Only the lines below from the one that contains "These felt balls" through the one that contains "Got here via" should appear in your answer, exact and without pictures.

*Exercise input*
----------------------------------------
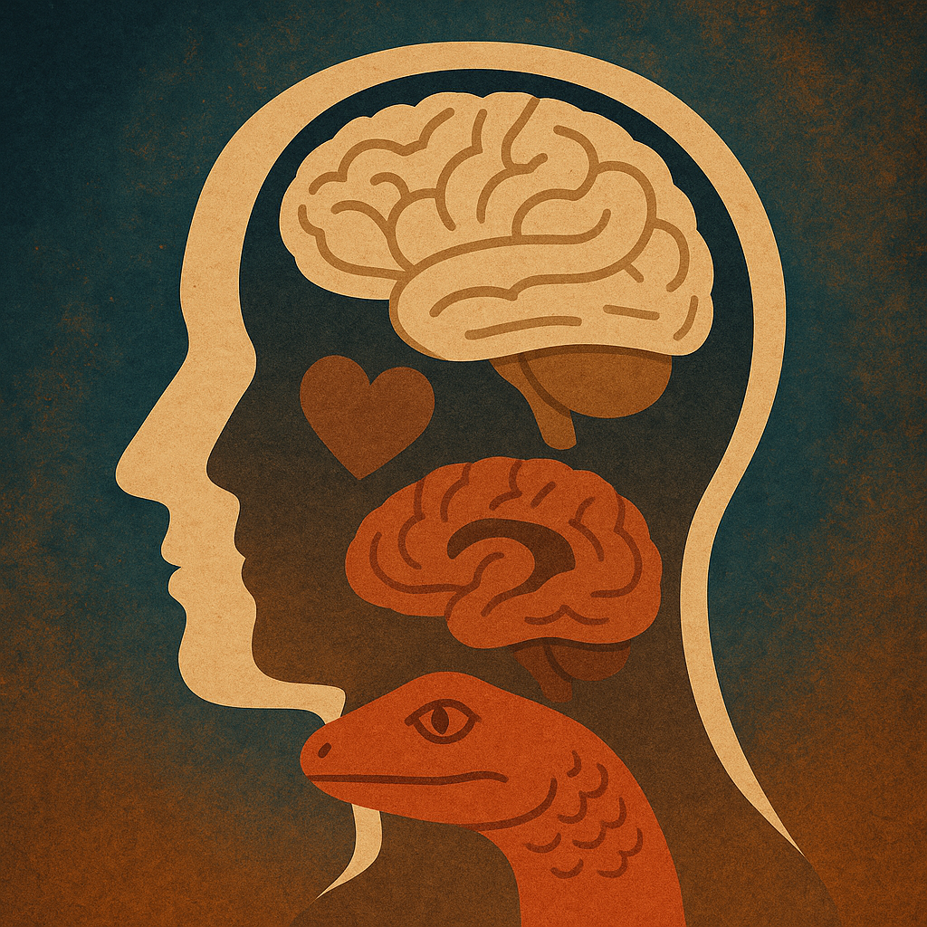 - Il cervello rettiliano (o “R-complex”) — si attivi per funzioni istintive, sopravvivenza e comportamenti “primitivi”. Arriva senza pensare ed è il più veloce a prendere voce nella nostra testa, ma totalmente irrazionale ed egoista.
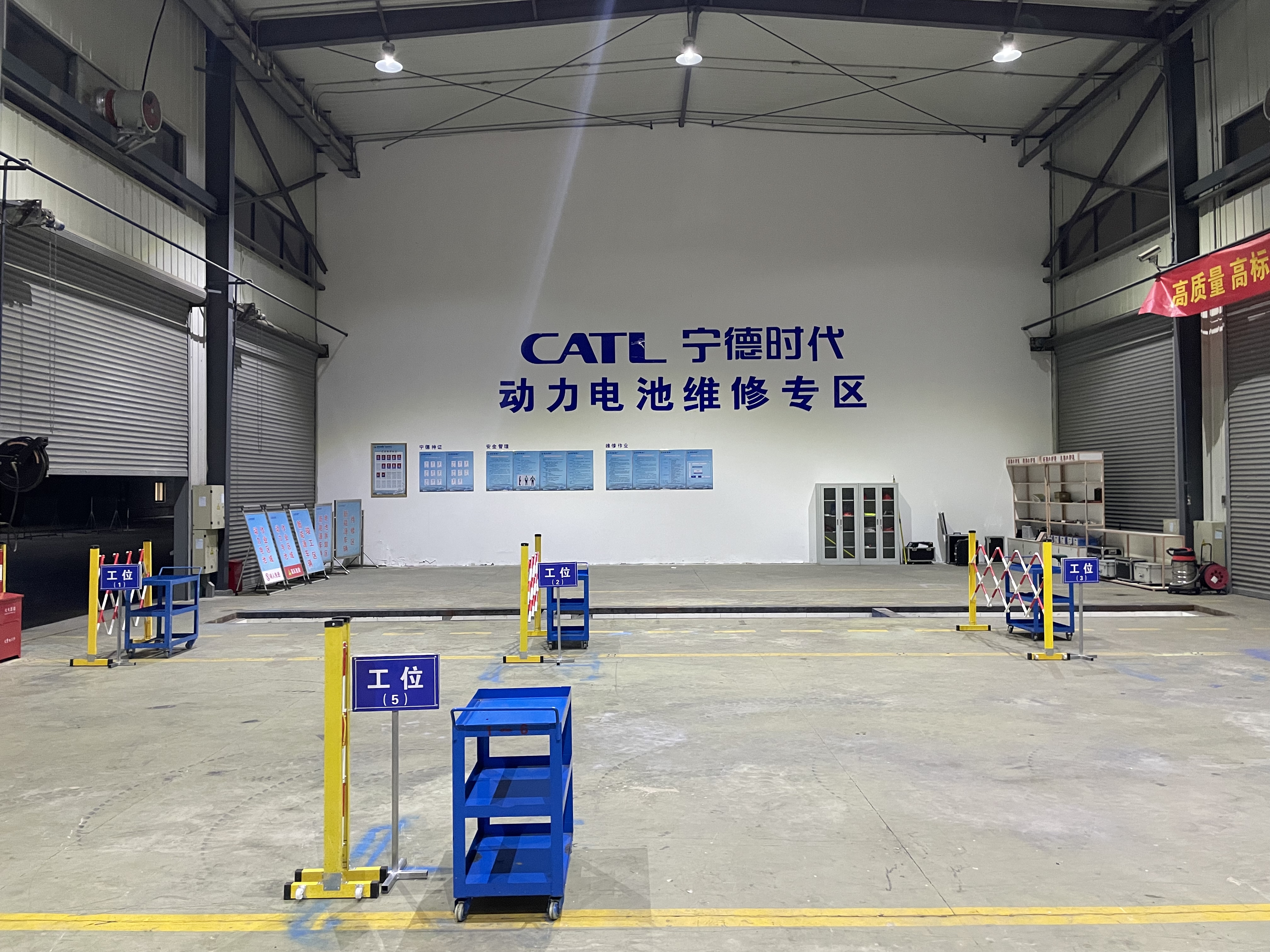 本次升级涵盖品牌形象、硬件设施与服务流程的全方位提升。修理厂全面启用了宁德时代统一的品牌标识与视觉系统,严格执行其服务标准,显著提升了品牌识别度与服务专业性。为精准应对新能源电池检测与维修的高标准要求,厂区特别引入了多通道锂电均衡仪、充放电机等一系列行业领先的专业设备,极大增强了在电池诊断、维护与更换等关键环节的作业精度与服务效率。同时,修理厂还专门规划并建设了“宁德电池服务专属场地”,设有独立的电池维修专区、新旧件存放区及专属维修工位,为客户带来更专业、更安心的服务体验。
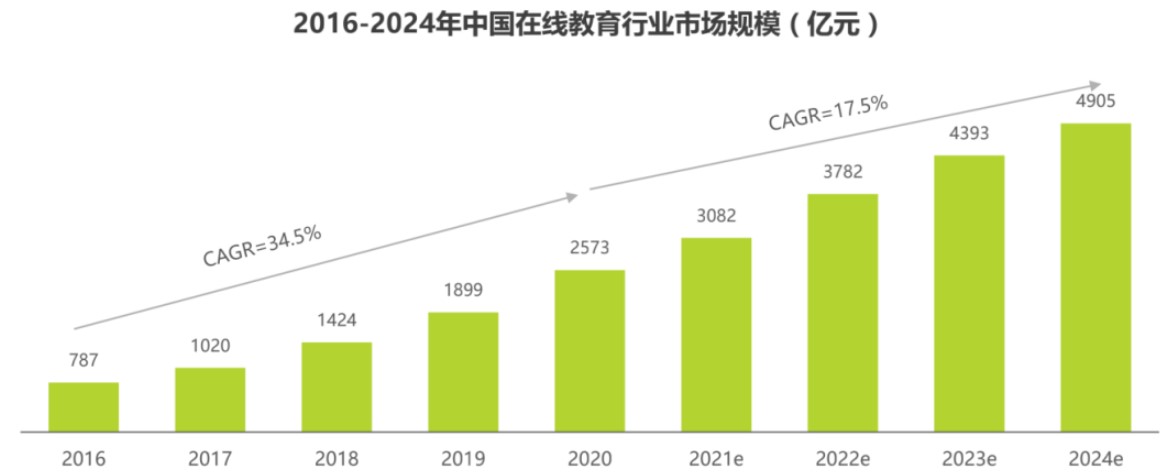 这个乘着疫情东风起飞的行业,截止2020年10月,2020年新增的教育类相关企业47.6万家,同比净增22.5%。据艾瑞咨询数据,在线教育市场规模将于2021年达到3082亿元,年复合平均增速为17.5%。
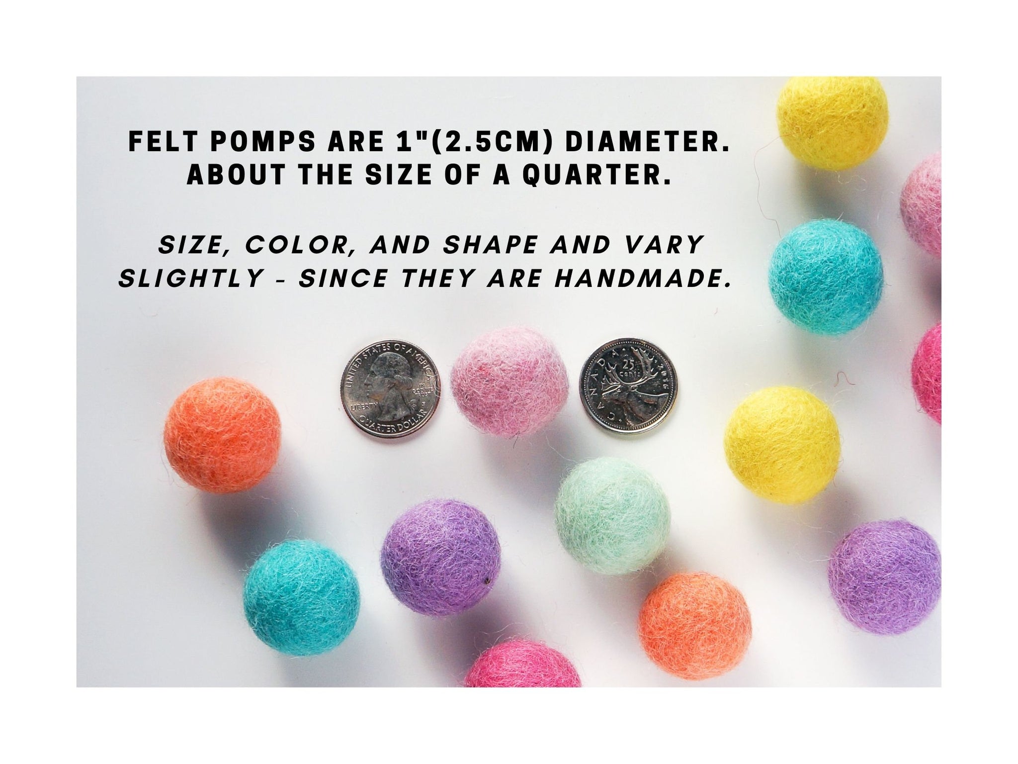 These felt balls are handmade items and can vary slightly in size, colour, and shape.
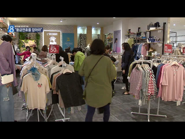 ◀ANC▶ 5월 첫 주, 황금연휴 특수를 잡기 위해 유통업체마다 안간힘을 쓰고 있습니다. 경기 침체 가운데 소비자들의 지갑을 열기 위한 경쟁이 그야말로 치열합니다. 권윤수 기자가 취재했습니다. ◀END▶ ◀VCR▶ 중간에 낀 평일에 휴가를 내면 최장 11일의 황금연휴가 생기는 다음 주. 지역의 한 백화점은 황금연휴 손...
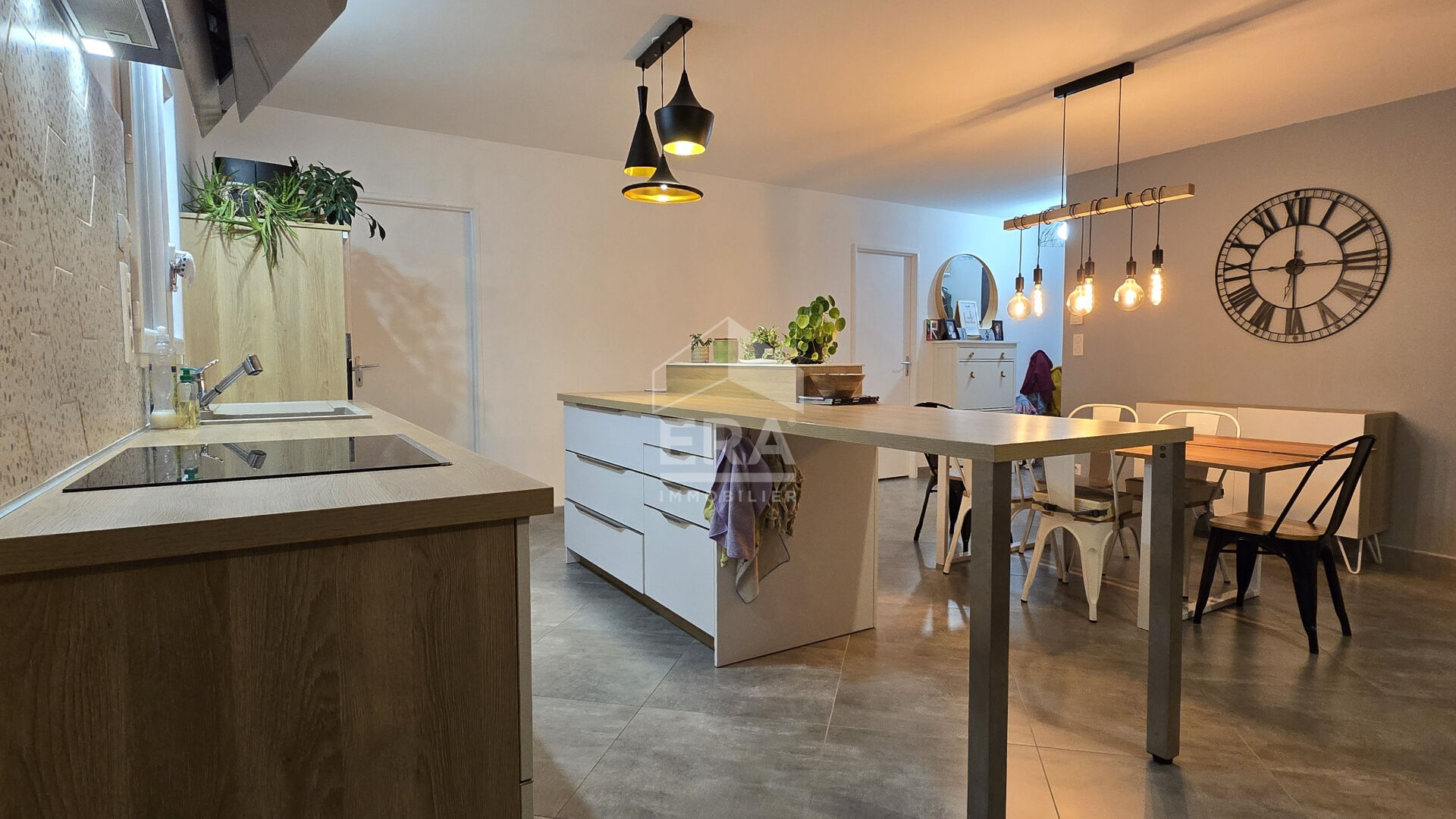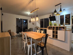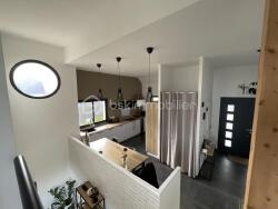 Au Fontenay maison moderne atypique de 2020 au calme , comprenant une entrée, wc , cuisine équipée , suite parentale avec salle de douche et dressing, on descend quelques marches pour y trouver une grande pièce de vie donnant sur une grande terrasse sans vis à vis , à l'étage une grande mezzanine desservant 2 chambres, wc , salle de bains, un grand garage
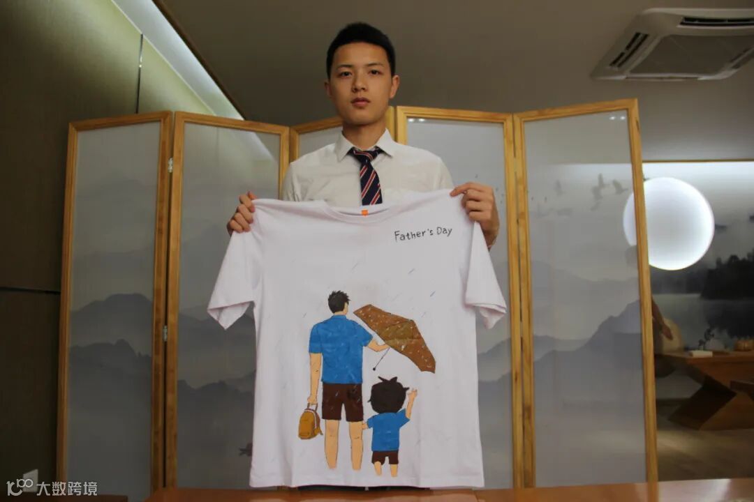 “还记得最初拿到作业题目后,还是有点蒙圈,不知道应该怎么做。听了老师讲了她和父亲之间的故事,让我深受感动,并顺利完成了这个作业。”许荣彬同学的作业是手绘亲子T恤一套。因此,他手绘了小时候父亲为他打伞的画面,这也是他记忆中最清晰的与父亲相处的情景。
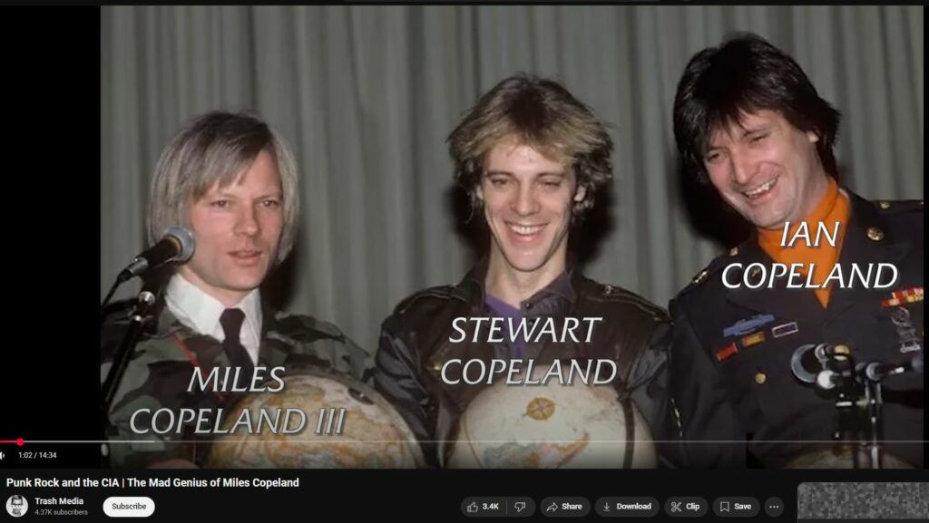 Got here via SOUND QUALITY site run by an ORGanization — notes Stu Copeland revealed his dad as ‘founding member of CIA’ on a Late Night w Bob Costas interview in 1980s/1990s.
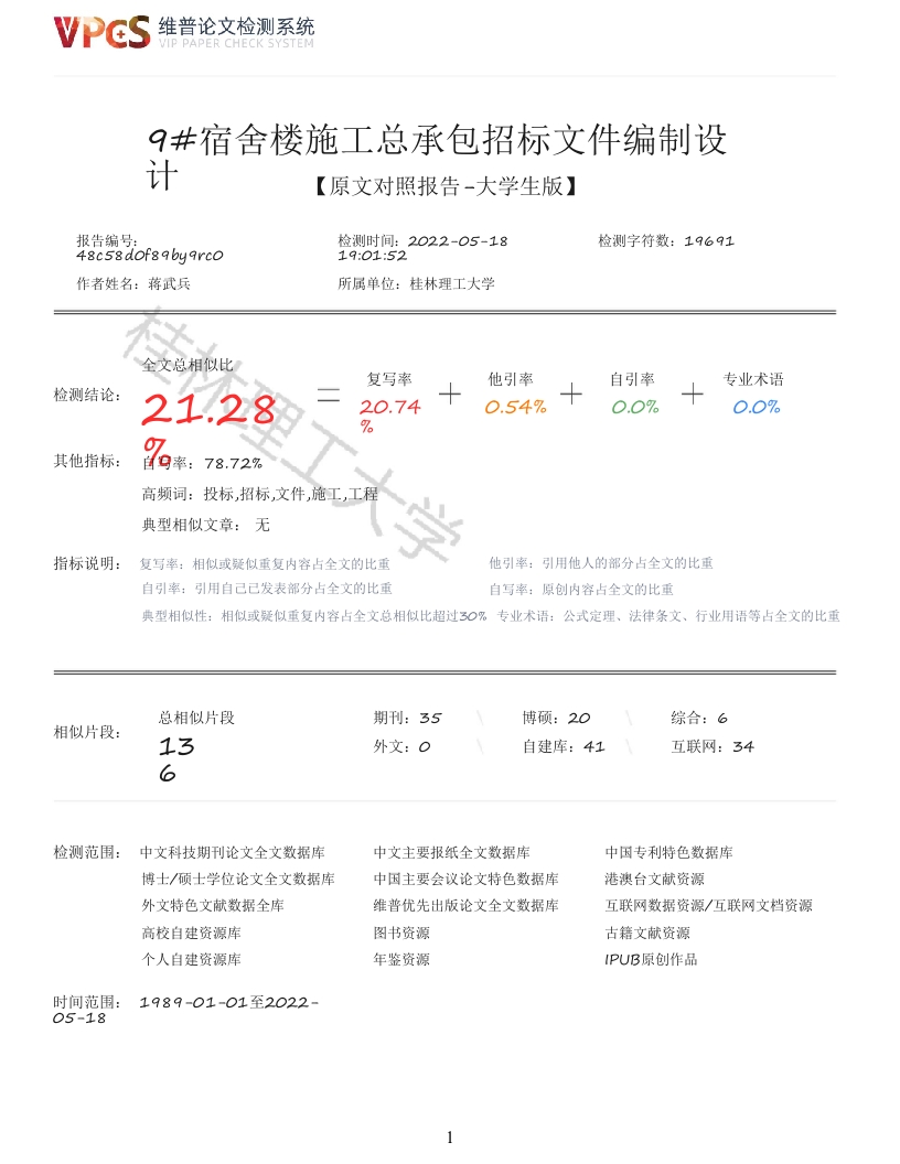 维普论文检测系统YIP PAPER CHECK SYSTEM9共宿舍楼施工总承包招标文件编制设计【原文对照报告-大学生版】报告编号:检测时间:2022-05-18检测字符数:1969119:01:52作者姓名:蒋武兵所属单位:桂林理工大学全文总相似比复写率他引率自引率专业术语检测结论:21.2820.740.54%0.0%其他指标:自9率:78.72%高频词:投标,招标,文件,施工,工程典型相似文章:无指标说明:复写率:相似或疑似重复内容占全文的比重他引率:引用他人的部分占全文的比重自引率:引用自己已发表部分占全文的比重自写率:原创内容占全文的比重典型相似性:相似或疑似重复内容占全文总相似比超过30%专业术语:公式定理、法律条文、行业用语等占全文的比重总相似片段期刊:35博硕:20综合:6相似片段:13自建库:41互联网:34检测范围:中文科技期刊论文全文数据库中文主要报纸全文数据库中因专利特色数据库博士/硕士学位论文全文数据库中国主要会议论文特色数据库港澳台文献资源外文特色文献数据全库维普优先出版论文全文数据库互联网数据资源/互联网文档资源高校自建资源库图书资源古籍文献资源个人自建资源库年鉴资源IPUB原创作品时间范围:1989-01-01至2022-05-181维普论文检测系统VIP PAPER CHECK SYSTEM原文对照颜色标注说明:■自写片段■复写片段(相似或疑似重复)■引用片段(引用)■专业术语(公式定理、法律条文、行业用语等)学号:5181901126林理桂林理工大学GUILIN UNIVERSITY OF TECHNOLOGY本科毕业设计(论文)题目:9#宿舍楼施工总承包招标文件的编制设计学院:南宁分校专业(方向):工程管理班级:工程管理18-本1学生:蒋武兵指导教师:劳景寮2022年5月8日摘要。。招标文件是向投标人介绍招标项目信息和招标要求的书面文件,它是根据业主的招标需求和招投标相关的法律法规编制而成的。笔者做这个9#宿舍楼施工总承包招标文件的编制设计,主要是为解决招投标活动和招标文件编制中出现的一些问题提供一些参考。例如招标文件条款不严谨、评标方法不合理、不合理低价中标、违法分包、违法挂靠等招标文件编制和招投标活动的问题。其次,笔者想通过对招标文件的编制设计,熟悉招投标流程,掌握投标方面的知识,为以后可能从事招投标工作做好准备。本次9#宿舍楼施工总承包招标文件的编制设计内容主要有招标公告、投标人注意事项、评标的具体内容、施工合同、工程建设标准、工程量清单、施工图纸、投标文件格式这八大内容。笔者主要通过网络搜索、查找文献、研究同类招标项目的方法来编制设计招标文件,在符合招投标有关法律和规定的基础上,分析招投标活动和招标文件编制中出现的一些问题,制定合理的招投标流程、评标办法和施工合同。本次9#宿舍楼施工总承包招标文件的编制设计完全依据国家法律法规编制,满足招标需求,是一份可行性的招标文件。招标文件的编制除了要符合招投标有关法律和规定,还要严谨、详细和符合实际。招标文件是招投标双方的核心契约,它对于招投标双方都有约束力。编制一份好的招标文件对于减少建筑市场的违法乱象,维护建筑市场的公平竞争和保证招投标活动的开展有十分重要的现实意义和指导意义。关键词:招标文件:施工合同:招标人.Compilation and design of bidding documents for general contracting of q#dormitorybuildingNG Wu-bing Tutor:LAO Jing-liao Abstract:The bidding document is a written document that introduces the bidding projectinformation and bidding requirements to the bidders.It is prepared according to the biddingneedsof the owner and the laws and regulations related to bidding.The author does the compilationand维普论文检测系统VIP PAPER CHECK SYSTEIdesign of the bidding document for the general contracting of the construction of this q#dormitorybuilding,which is mainly to provide some references for solving some problems in the biddingactivities and the compilation of the bidding document.For example,the terms of the biddingdocument are not rigorous,the bid evaluation method is unreasonable,the bid is won at anunreasonable low price,illegal subcontracting,illegal affiliation and other problems in thepreparation of bidding documents and bidding activities.Secondly,the author wants to be familiarwith the bidding process and master the knowledge of bidding through the preparation and designobidding documents,so as to prepare for the possible bidding work.The preparation and designcontents of the bidding documents for the general contracting of 9#dormitory buildingconstructionmainly include eight contents:bidding announcement,precautions for bidders,specific contents ofbid evaluation,construction contract,engineering construction standard,bill of quantities,construction drawings and format of bidding documents.The author mainly compiles the designbiddingdocuments by means of network search,literature search and Research on similar bidding projects.Onthe basis of conforming to the relevant laws and regulations of bidding,the author analyzes someproblems in bidding activities and the preparation of bidding documents,and formulates areasonablebidding process,bid evaluation methods and construction contracts.This q#dormitory buildingconstruction general contracting bidding document is prepared and designed in full accordancewithnational laws and regulations,which meets the bidding needs and is a feasible bidding document.Theddinerbut also be rigorous,detailed and practical.The bidding document is the core contract ofboth parties,which is binding on both parties.The preparation of a good bidding document hasimportant practical and guiding significance for reducing the i
----------------------------------------
*Answer space*
 These felt balls are handmade items and can vary slightly in size, colour, and shape.
 ◀ANC▶ 5월 첫 주, 황금연휴 특수를 잡기 위해 유통업체마다 안간힘을 쓰고 있습니다. 경기 침체 가운데 소비자들의 지갑을 열기 위한 경쟁이 그야말로 치열합니다. 권윤수 기자가 취재했습니다. ◀END▶ ◀VCR▶ 중간에 낀 평일에 휴가를 내면 최장 11일의 황금연휴가 생기는 다음 주. 지역의 한 백화점은 황금연휴 손...
 Au Fontenay maison moderne atypique de 2020 au calme , comprenant une entrée, wc , cuisine équipée , suite parentale avec salle de douche et dressing, on descend quelques marches pour y trouver une grande pièce de vie donnant sur une grande terrasse sans vis à vis , à l'étage une grande mezzanine desservant 2 chambres, wc , salle de bains, un grand garage
 “还记得最初拿到作业题目后,还是有点蒙圈,不知道应该怎么做。听了老师讲了她和父亲之间的故事,让我深受感动,并顺利完成了这个作业。”许荣彬同学的作业是手绘亲子T恤一套。因此,他手绘了小时候父亲为他打伞的画面,这也是他记忆中最清晰的与父亲相处的情景。
 Got here via SOUND QUALITY site run by an ORGanization — notes Stu Copeland revealed his dad as ‘founding member of CIA’ on a Late Night w Bob Costas interview in 1980s/1990s.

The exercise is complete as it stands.